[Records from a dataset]
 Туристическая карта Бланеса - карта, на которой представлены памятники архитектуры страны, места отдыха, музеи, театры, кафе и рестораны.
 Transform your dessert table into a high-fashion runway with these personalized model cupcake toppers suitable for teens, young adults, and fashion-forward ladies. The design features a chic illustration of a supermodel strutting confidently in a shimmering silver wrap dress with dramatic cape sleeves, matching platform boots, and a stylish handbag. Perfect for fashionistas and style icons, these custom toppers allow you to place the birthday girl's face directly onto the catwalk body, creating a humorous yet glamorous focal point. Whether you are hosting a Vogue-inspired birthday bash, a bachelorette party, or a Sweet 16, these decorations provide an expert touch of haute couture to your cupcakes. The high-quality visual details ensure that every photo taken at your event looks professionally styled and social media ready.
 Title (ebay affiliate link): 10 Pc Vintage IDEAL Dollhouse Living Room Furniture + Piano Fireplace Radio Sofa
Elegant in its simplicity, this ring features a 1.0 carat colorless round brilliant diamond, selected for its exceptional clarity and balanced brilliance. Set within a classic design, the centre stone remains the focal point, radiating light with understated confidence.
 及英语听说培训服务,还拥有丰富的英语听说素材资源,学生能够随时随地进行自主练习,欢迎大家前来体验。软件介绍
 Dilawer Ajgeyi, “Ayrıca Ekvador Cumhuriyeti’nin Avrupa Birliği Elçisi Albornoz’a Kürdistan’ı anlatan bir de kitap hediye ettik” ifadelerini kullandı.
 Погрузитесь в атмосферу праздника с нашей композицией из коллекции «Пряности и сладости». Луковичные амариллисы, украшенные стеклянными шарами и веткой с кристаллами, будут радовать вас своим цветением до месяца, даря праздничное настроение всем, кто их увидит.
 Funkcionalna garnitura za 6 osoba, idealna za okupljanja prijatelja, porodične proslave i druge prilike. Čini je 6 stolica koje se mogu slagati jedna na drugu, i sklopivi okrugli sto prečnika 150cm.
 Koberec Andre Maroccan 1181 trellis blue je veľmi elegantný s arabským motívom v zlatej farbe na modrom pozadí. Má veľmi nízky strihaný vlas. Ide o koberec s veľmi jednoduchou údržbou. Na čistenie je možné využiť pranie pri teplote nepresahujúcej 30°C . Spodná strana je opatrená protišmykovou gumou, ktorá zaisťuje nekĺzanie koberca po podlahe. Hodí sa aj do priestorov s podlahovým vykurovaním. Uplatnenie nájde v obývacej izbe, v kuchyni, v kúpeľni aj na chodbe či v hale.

● WHAT TO WORK ON
Could you restate word for word the lines above from the one containing "Title (ebay affiliate" through the one containing "及英语听说培训服务,还拥有丰", both included, and nothing else?

● ANSWER BOX
 Title (ebay affiliate link): 10 Pc Vintage IDEAL Dollhouse Living Room Furniture + Piano Fireplace Radio Sofa
Elegant in its simplicity, this ring features a 1.0 carat colorless round brilliant diamond, selected for its exceptional clarity and balanced brilliance. Set within a classic design, the centre stone remains the focal point, radiating light with understated confidence.
 及英语听说培训服务,还拥有丰富的英语听说素材资源,学生能够随时随地进行自主练习,欢迎大家前来体验。软件介绍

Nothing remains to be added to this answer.